In May, Dr. Lucy Popova and Dr. Pamela Ling coauthored “Alternative Tobacco Product Use and Smoking Cessation: A National Study.”  It appeared in the May issue of the American Journal of Public Health. 

The authors are members of the Center for Tobacco Control Research and Education at the University of California, San Francisco, which is a staunch opponent of tobacco harm reduction.  So it is unsurprising that their conclusions about safer smoke-free products were almost entirely negative:

Alternative tobacco products are attractive to smokers who want to quit smoking, but these data did not indicate that alternative tobacco products promote cessation.  Unsubstantiated overt and implied claims that alternative tobacco products aid smoking cessation should be prohibited.

But these data DID indicate that alternative products promote cessation.

The authors used a Knowledge Network survey in 2011 of 1,836 current or former smokers who quit less than two years before.  The survey asked participants about use of chewing tobacco, moist snuff, snus, dissolvable tobacco and e-cigarettes.

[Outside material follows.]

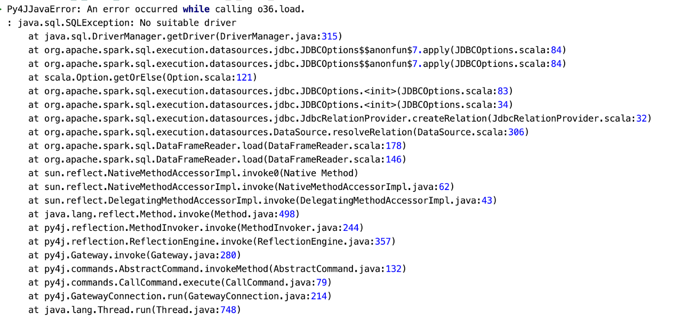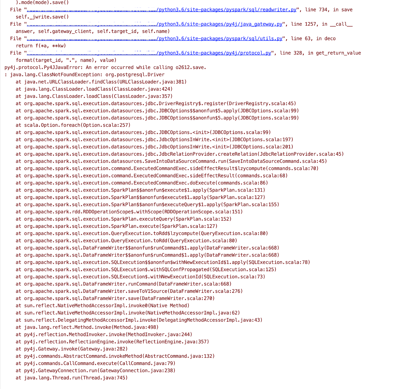 "ClassNotFoundException": usually when you are trying to connect your application to an external a database. Here is an exampleMeans that Spark cannot find the necessary jar driver to connect to the database

Drs. Popova and Ling provide the percentages of the 1,527 smokers who had been successful and unsuccessful in quitting and who had used these products, but they either didn’t see or completely ignored these important results:

Successful Quitting Among Knowledge Network Survey Participants, 2011
Product Ever Users (n) Percentage Successful Quitters
Chewing tobacco 221 32
Moist snuff 232 29
Snus 205 26
Dissolvable tobacco 44 20
E-cigarettes 323 23
All participants 1,527 28

Over 300 survey participants had used e-cigarettes, and over 200 had used snus, moist snuff or chewing tobacco. Importantly, a significant percentage of ever users of all smoke-free products were successful quitters.

Popova and Ling close with this:
Explicit or implied claims that alternative tobacco products are smoking cessation aids should be prohibited in the absence of a body of scientific evidence showing such an effect.
It is ironic that their paper adds to the body of scientific evidence that smoke-free products are smoking cessation aids.
Note: Thanks to Dr. Joel Nitzkin for noticing this discrepancy.